Nesse sentido, o FIES, desde 2005,
passou a financiar as bolsas parciais dos alunos assessorados pelo PROUNI que
não participam dos processos seletivos regulares do FIES, sendo selecionadas
fases específicas para concessão de seus financiamentos. Dessa forma, a Caixa
Econômica Federal, que até recentemente era o único agente financeiro do FIES,
perdeu essa prioridade, ou seja, desde 2010 o Banco do Brasil também financia o
programa e oferece plano próprio de financiamento para estudantes. Em relação
aos profissionais da educação básica, que buscam qualificação em cursos de
licenciaturas, poderão quitar o financiamento, desde que trabalhem na rede
pública por 20 horas semanais, o que lhes garante redução de 1% da dívida por
mês trabalhado, isto acontece desde 2011.
Segundo LUCHMANN (apud PACHECO, 2007) é imprescindível
garantir que a população mais carente tenha a chance de fazer o curso de
graduação e, mais do que isso, que haja meios que favoreçam a estabilidade
desses estudantes nesse nível de ensino. No entanto, supõe-se que a variedade
de formas de acesso ao ensino superior, não garanta a conquista de um espaço
nas universidades, pois seria preciso considerar as intensas desigualdades
socioeconômicas do país e a baixa qualidade do ensino básico, que a maioria da
população tem acesso.
Nesse sentido, esses programas, de acordo com
Corbucci (2004, p. 698), “constituem-se iniciativa, ainda que tímida, de
redistribuição indireta da renda, ao transferir recursos de isenção fiscal a
estratos populacionais mais pobres já que tais recursos, caso fossem
arrecadados, não beneficiariam necessariamente esses grupos sociais”.

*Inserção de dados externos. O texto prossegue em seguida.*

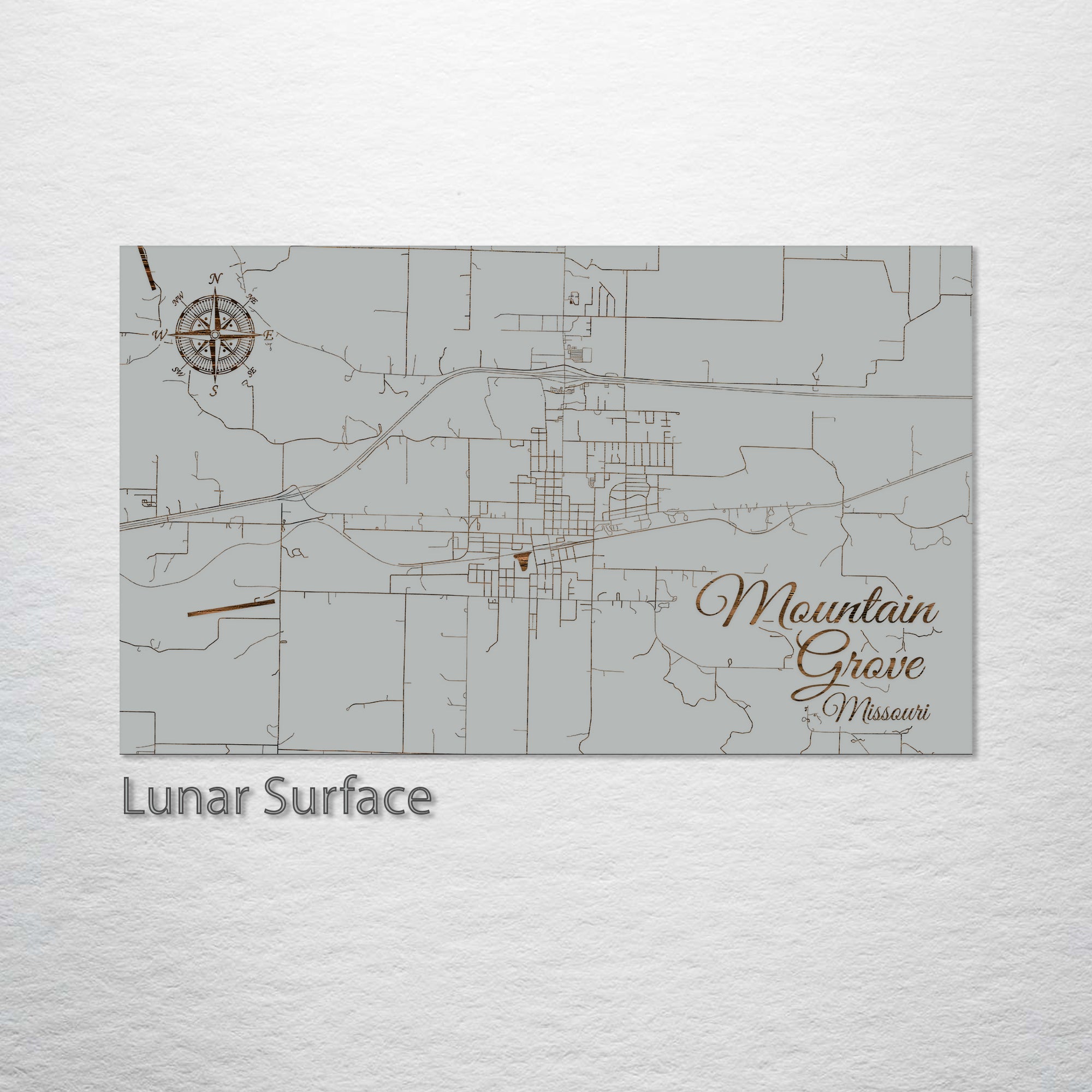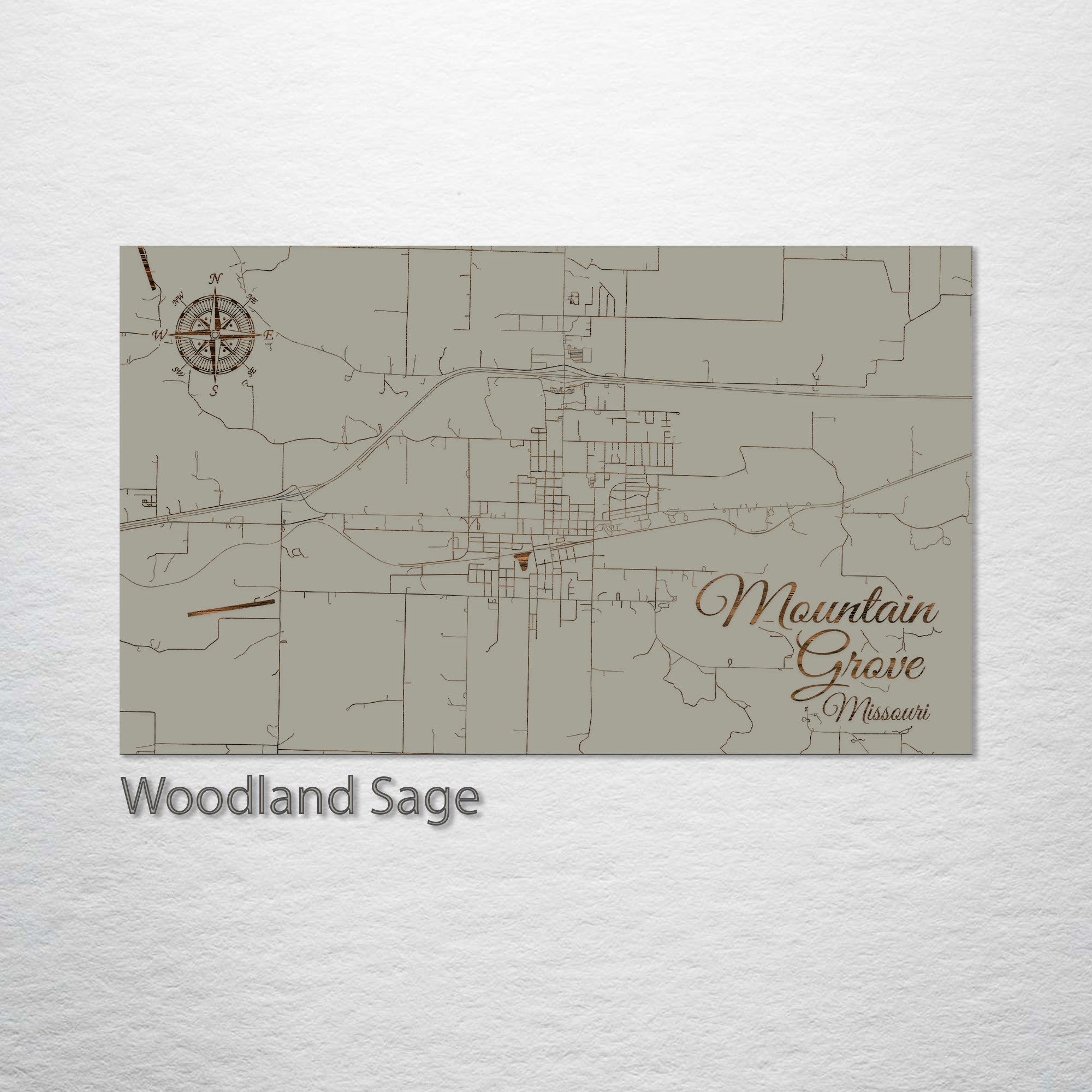 This is a street map of Mountain Grove, MO designed by Fire & Pine artists.

Longe de resolver ou de corrigir a distribuição desigual
dos bens educacionais, a privatização promovida pelo programa tende a
aprofundar as condições históricas de discriminação e de negação do direito à
educação superior a que são submetidos os setores populares. A alocação dos
estudantes pobres nas instituições particulares cristalizará mais ainda a
dinâmica de segmentação e diferenciação no sistema escolar, destinando escolas
academicamente superiores para os que passarem nos vestibulares das
instituições públicas e escolas academicamente mais fracas, salvo exceções,
para os pobres. (MANCEBO, 2004, P. 86).
Nessa perspectiva,
isso pode ser observado de acordo com o perfil dos estudantes que ingressam no
ensino superior através desses programas, esse fato mostra que a democratização
do ensino é bastante complexa no Brasil. Segundo Carvalho (2006) quando se
comparam os dados, da renda familiar per capita em salários mínimos da
população que frequentam esses programas nas faixas acima de três salários
mínimos (3s.m.), a proporção de estudantes é superior a 35%, ao passo que, com
a renda de até um salário (1s.m.), apenas 1,5% frequenta a graduação. Diante desses dados, é importante salientar
que de acordo com os dados do IBGE (2008), 86% da população de 18 a 24 anos
enquadram-se nos níveis de renda de menos de três salários mínimos exigidos do
público-alvo do PROUNI que não estão sendo contemplados pelo programa.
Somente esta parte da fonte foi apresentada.